As the second panel looks at organised crime mainly form the perspectives of individual countries, the third panel put the stress on the regional implications of these phenomena. Generally, they come to light through concrete security problems like in trans-border criminality between South Serbia and Kosovo. The panel will, however, not only look at the problem cases, but also try to work out positive aspects.
Among them the numerous initiatives by the international community for establishing an overall system of co-operative security in South East Europe. It is a great pleasure to have representatives from several regional initiatives among us, who will hopefully provide first-hand information on their initiatives of fighting organised crime.
Panel four will finally expand the discussion by adding the aspect of European integration. Without exception, membership in the European Union has become an important aim in the foreign policy of SEE States.
Some, like Romania and Bulgaria have already attained candidate status and made enormous steps on their way towards EU membership.
Other South East European countries like Serbia and Montenegro are working on signing a stabilisation and association agreement with the European Union in order to set the basis for further negotiations.
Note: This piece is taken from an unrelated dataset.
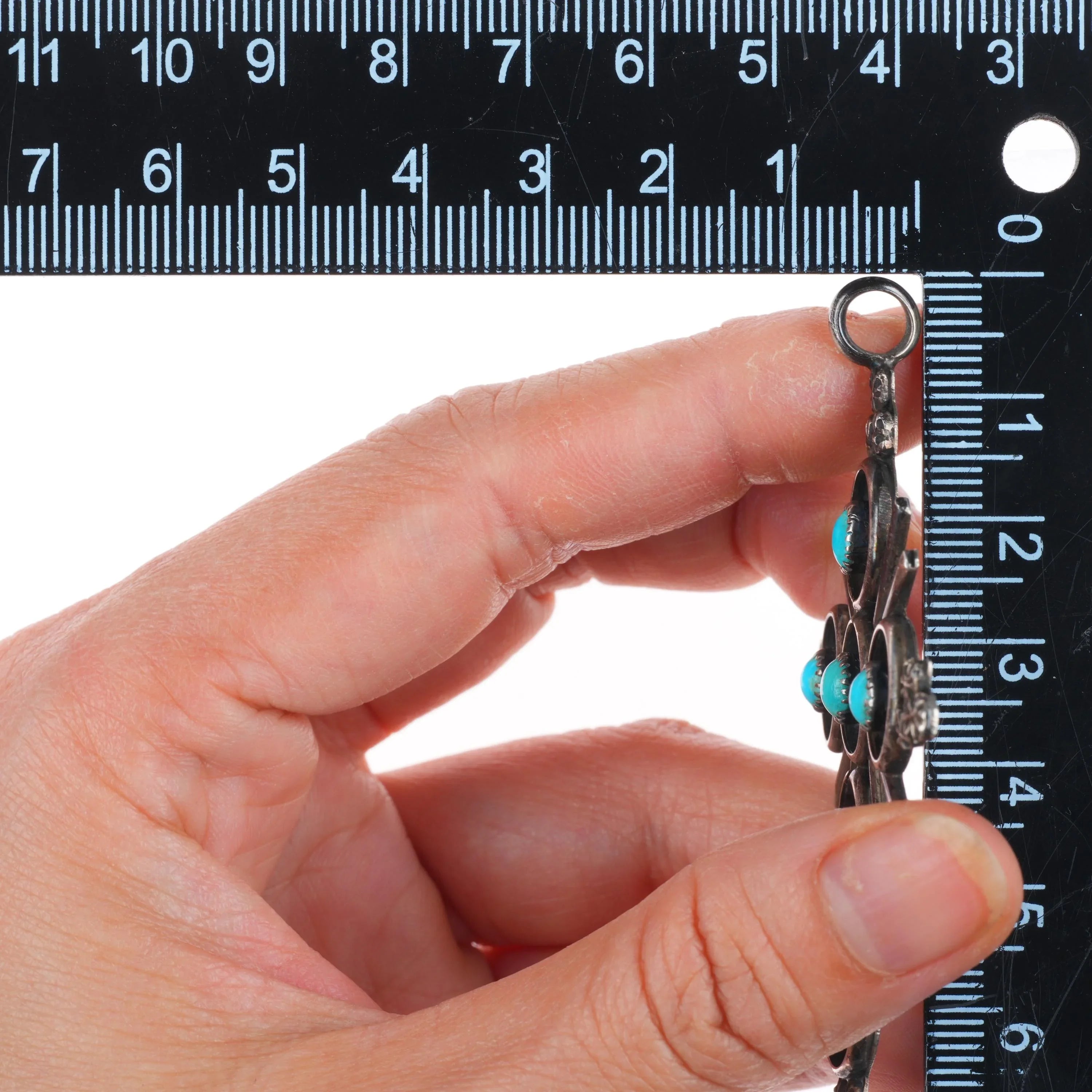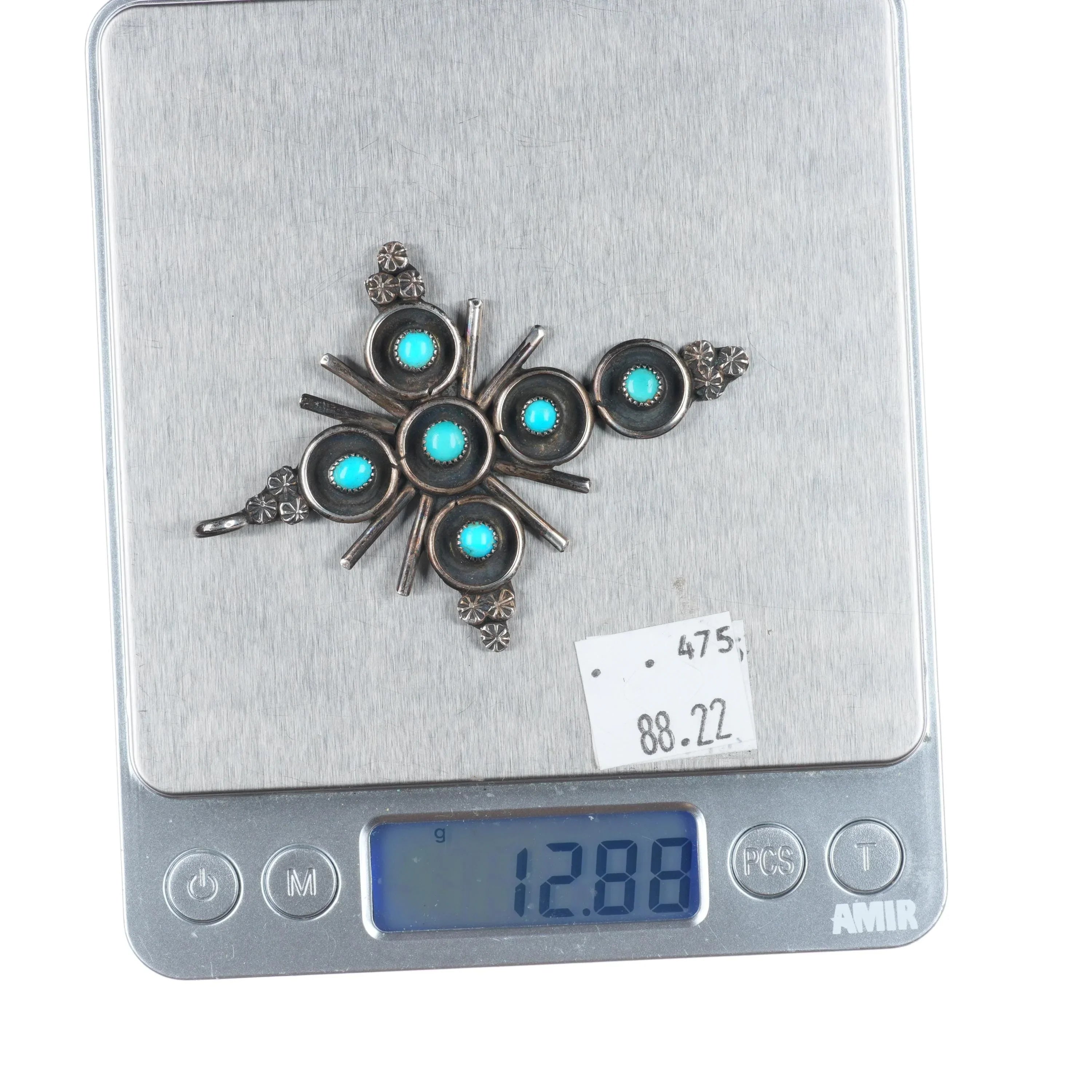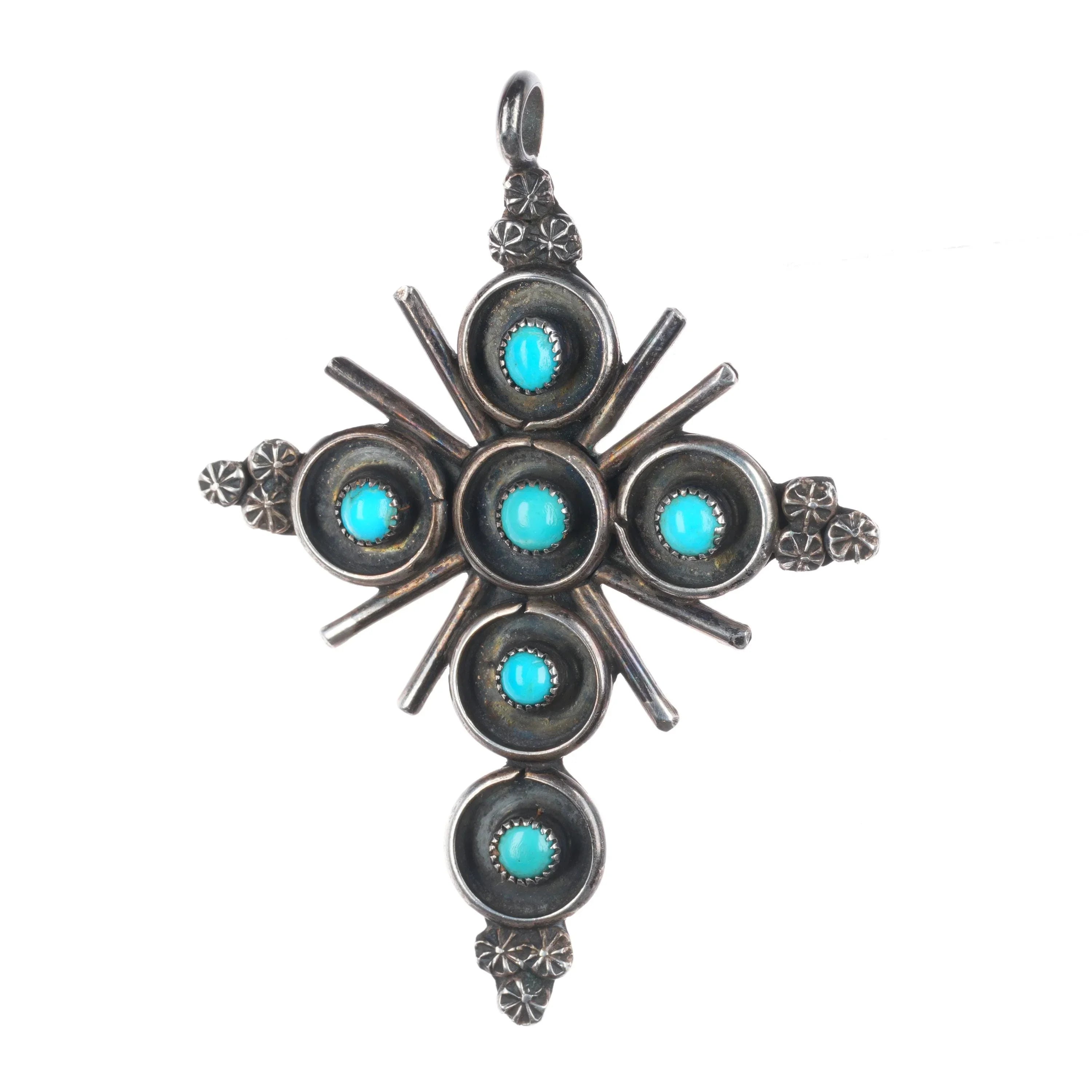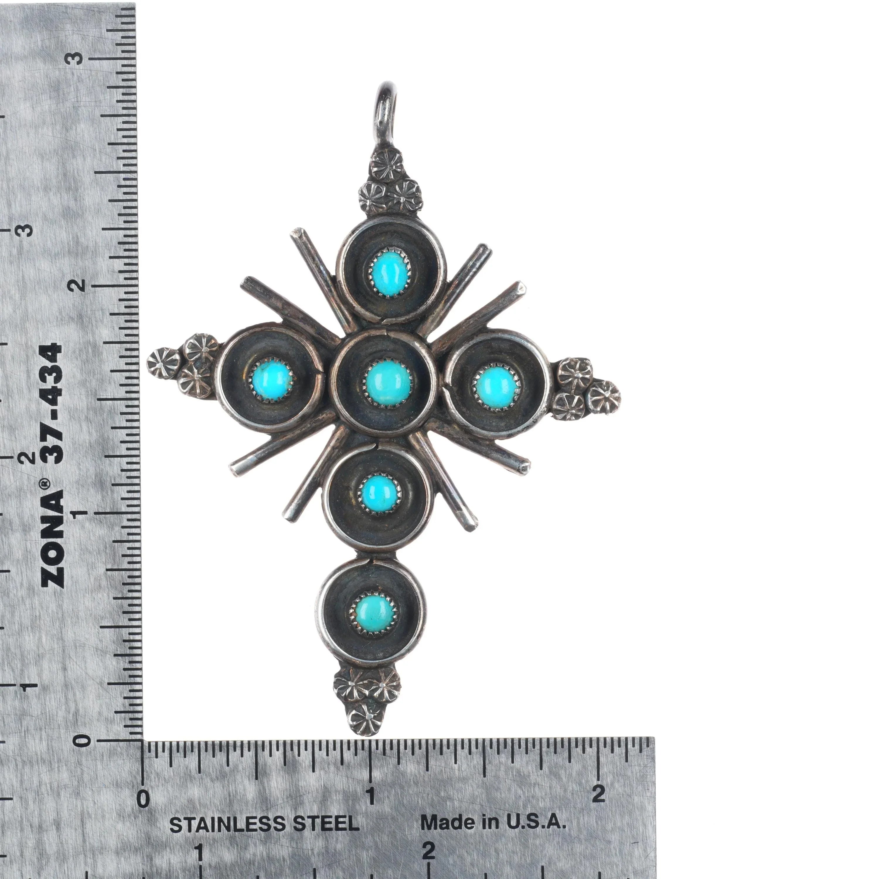 Large vintage Zuni snake eye turquoise sterling silver cross pendant

No matter how far the individual countries have come in their attempts of applying for EU membership, all are aware of the fact that deeperreaching and more comprehensive reforms will be needed in order to become a full member of the Union. Success of these reform and democratisation processes is more than often dependant - as the Serb example has demonstrated clearly - upon the preparedness of the individual countries to prevent the instrumentalisation of state structures by criminal individuals or clans.
Another interesting aspect in this fourth panel could be the question, whether the closer security co-operation with the European Union by individual South East European countries, which are approaching EU membership along different speeds, might hamper co-operation or even establish barriers among the applicant countries. One consequence of Slovenia entering the EU could be that soon the Schengen regime might have to be applied between South East European countries.
It is partly this reason which prevents European disengagement from the region. But it must also be added that the efforts of the international community warrant continued involvement, if only for the fact that on the other side, in a South Eastern Europe emerging from the abyss, there are human beings too, whose rights and freedoms are inherent, and as responsible actors, it is a duty for international organizations, NGOs and Great Powers to remain involved.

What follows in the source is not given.